Published in final edited form as: Cell Genom. 2022 Aug 4;2(9):100166. doi: 10.1016/j.xgen.2022.100166

Figure 5. Design and application of FigR’s gene regulatory network (GRN) workflow to identify TF modulators of immune response DORCs.

Figure 5.

(A) Schematic describing the FigR GRN workflow.

(B) Scatterplot showing all DORC-to-TF associations, colored by the signed regulation score.

(C) Candidate TF regulators of MX1. Highlighted points are TFs with abs(regulation score) ≥ 1 (−log10 scale), with all other TFs shown in gray.

(D) Regulation scores (signed, −log10 scale) for the highlighted TFs in (C).

(E) Mean regulation score (signed, −log10 scale) across all DORCs (n = 1,128) per TF (n = 870), highlighting select TF activators (right skewed) versus TF repressors (left skewed).

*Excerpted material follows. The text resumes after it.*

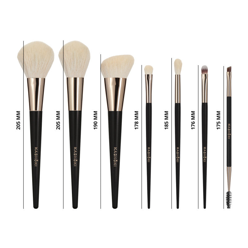Zestaw pędzli do makijażu Kashōki to połączenie wyszukanego designu i najwyższej jakości. Zawiera 7 ręcznie wykonanych pędzi do pudru, do konturowania i do makijażu oczu. Wszystkie posiadają rączki z drewna schima, trwałe miedziane skuwki i doskonale dobrane włosie. Doskonałym dopełnieniem kolekcji pędzli jest elegancka czarna tuba.
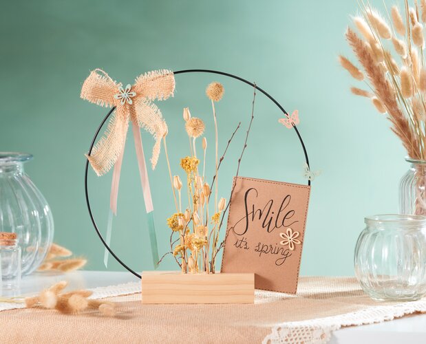 You can create stylish metal rings with dried flowers, color-matching ribbon, beads, natural materials, macramé and much more. With a chic cord, the metal rings can be wonderfully hung from the eyelet in the room and provide a chic home decoration.

(F) Heatmap of DORC regulation scores (left) for all significant TF-DORC enrichments for DORCs implicating GWAS variants (abs(regulation score) ≥ 1.5; n = 89 TFs, n = 73 DORCs). The corresponding minimum GWAS P (right; −log10 scale) for each DORC across all diseases considered is also shown.

(G) TF-DORC network visualization for SLE GWAS SNP-implicated DORCs (orange nodes) and their associated TFs (gray nodes) from (F). Edges are scaled and colored by the signed regulation score.